Italian actress (1926–2019)

Carla Calò (21 September 1926 – 29 December 2019) was an Italian actress.

== Life and career ==
Born in Palermo, Calò started her career on stage, notably starring in Luigi Squarzina's Il berretto a sonagli, and also being active in dialectal theatre and avanspettacolo. She made her film debut in 1949, in Carlo Ludovico Bragaglia's Il falco rosso. During the early part of her film career Calò played several main roles, then, from the second half of the 1950s, she became one of the most active character actresses in Italian cinema. She was sometimes credited as Carrol Brown.

Calò died in December 2019 at the age of 93.

==Selected filmography==

- Il falco rosso (1949) - Marfa
- Totò Le Mokò (1949) - Suleima
- The Iron Swordsman (1949) - Haidée
- The Fighting Men (1950) - Rosa
- The Treasure of Bengal (1953) - Surama
- La pattuglia dell'Amba Alagi (1953) - Elena
- Mystery of the Black Jungle (1954) - Sulima
- La vendetta dei Tughs (1954) - Sulima
- Madonna delle rose (1954)
- Il cantante misterioso (1955) - Olga
- Suonno d'ammore (1955) - Carmen De Blasi
- Sultana Safiyè (1955)
- La ladra (1955) - Gemma
- Una sera di maggio (1955) - His Secretary
- Vendicata! (1956)
- Il canto dell'emigrante (1956)
- Cantando sotto le stelle (1956) - Moglie di A. Pezzetti 2°
- Sette canzoni per sette sorelle (1957) - Signorina Paoletti
- La canzone più bella (1957)
- A vent'anni è sempre festa (1957)
- Il romanzo di un giovane povero (1958)
- Captain Falcon (1958) - Teresa
- Ritrovarsi all'alba (1959)
- Quel tesoro di papà (1959) - Adelaide
- Goliath and the Barbarians (1959) - Bruno's Mother
- Due selvaggi a corte (1959)
- Agosto, donne mie non vi conosco (1959)
- Spavaldi e innamorati (1959)
- Goliath and the Dragon (1960) - La Sibilla
- Fury of the Pagans (1960)
- The Last of the Vikings (1961) - Herta
- Spade senza bandiera (1961)
- Revolt of the Mercenaries (1961) - Miriam du Marchant
- 5 marines per 100 ragazze (1961) - Una professoressa
- Triumph of the Son of Hercules (1961) - Yalis - the Oracle
- Revenge of the Conquered (1961)
- Gerarchi si muore (1961) - Tatiana Merletti
- Roaring Years (1962)
- Zorro alla corte di Spagna (1962) - Francisca Di Villa Verde
- Caesar the Conqueror (1962) - Calpurnia
- Musketeers of the Sea (1962) - Zalamea
- Roaring Years (1962) - Bibiana
- Avventura al motel (1963) - Elvira
- The Eye of the Needle (1963) - Elisabetta
- The Magnificent Adventurer (1963) - Zia di Angela
- Il terrore dei mantelli rossi (1963)
- Brennus, Enemy of Rome (1963) - High Priestess
- D'Artagnan contro i 3 moschettieri (1963)
- Bebo's Girl (1964) - Mara's Mother
- FBI chiama Istanbul (1964) - Laura Basento
- Hercules the Invincible (1964) - Queen Etel
- Terror in the Crypt (1964) - Ljuba's Mother
- Le sette vipere (Il marito latino) (1964)
- Oh!
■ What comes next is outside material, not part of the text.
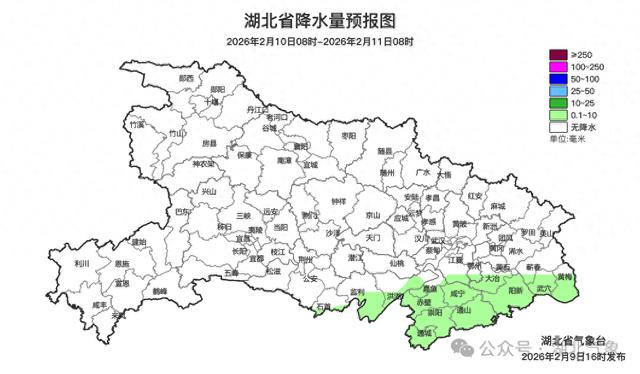 2月10日08时-11日08时,江汉平原南部、鄂东南短时小雨转多云;其他地区多云到晴天。早晨省内局地有雾。最高气温西部16~19℃、中东部12~16℃,最低气温北部-3~1℃、南部1~4℃,偏南风转偏北风2到3级、阵风4到6级。

Those Most Secret Agents! (1964) - Russian Spy Chief
- Ali Baba and the Seven Saracens (1964) - Farida, Omar's lover
- Bullets and the Flesh (1964) - Master's Maid
- I magnifici brutos del West (1964)
- Vengeance of the Vikings (1965) - Freiodis - Erik's Mother
- Secret Agent Fireball (1965) - Jane Cartland
- Veneri in collegio (1965)
- The Double Bed (1965) - Mother
- Operation Poker (1965) - Russian Agent
- The Tramplers (1965) - Mrs. Temple Cordeen
- Mondo pazzo... gente matta! (1966) - Butcher's Wife
- Agent 505: Death Trap in Beirut (1966) - Boss
- Killer's Carnival (1966) - Female boss (Rome segment)
- L'affare Beckett (1966) - Nadia
- One Thousand Dollars on the Black (1966) - Rhonda
- Hello Glen Ward, House Dick (1968) - Mrs. Parker
- Better a Widow (1968) - Rosa's governess
- Taste of Vengeance (1968) - Mother Douglas
- The Seven Red Berets (1969)
- Poppea's Hot Nights (1969) - Calpurnia
- Erika (1971) - Concettina
- No Way Out (1973) - Arzenta's Mother
- Anna, quel particolare piacere (1973) - Anna's mother
- La cameriera (1974) - Rosalia / Don Gaetano's wife
- Salvo D'Acquisto (1974) - Laundress
- La cameriera (1974) - Rosalia Calamarà
- La encadenada (1975) - Mother Superior
- Una vergine in famiglia (1975) - Francesca Vicini
- The Flower in His Mouth (1975)
- Calore in provincia (1975) - Nena
- Campagnola bella (1976)
- La cameriera nera (1976) - Eleonora
- Submission (1976) - Carmen
- La sorprendente eredità del tontodimammà (1977)
- Towards Evening (1990)
- Io e il re (1995)
- Voglio stare sotto al letto (1999)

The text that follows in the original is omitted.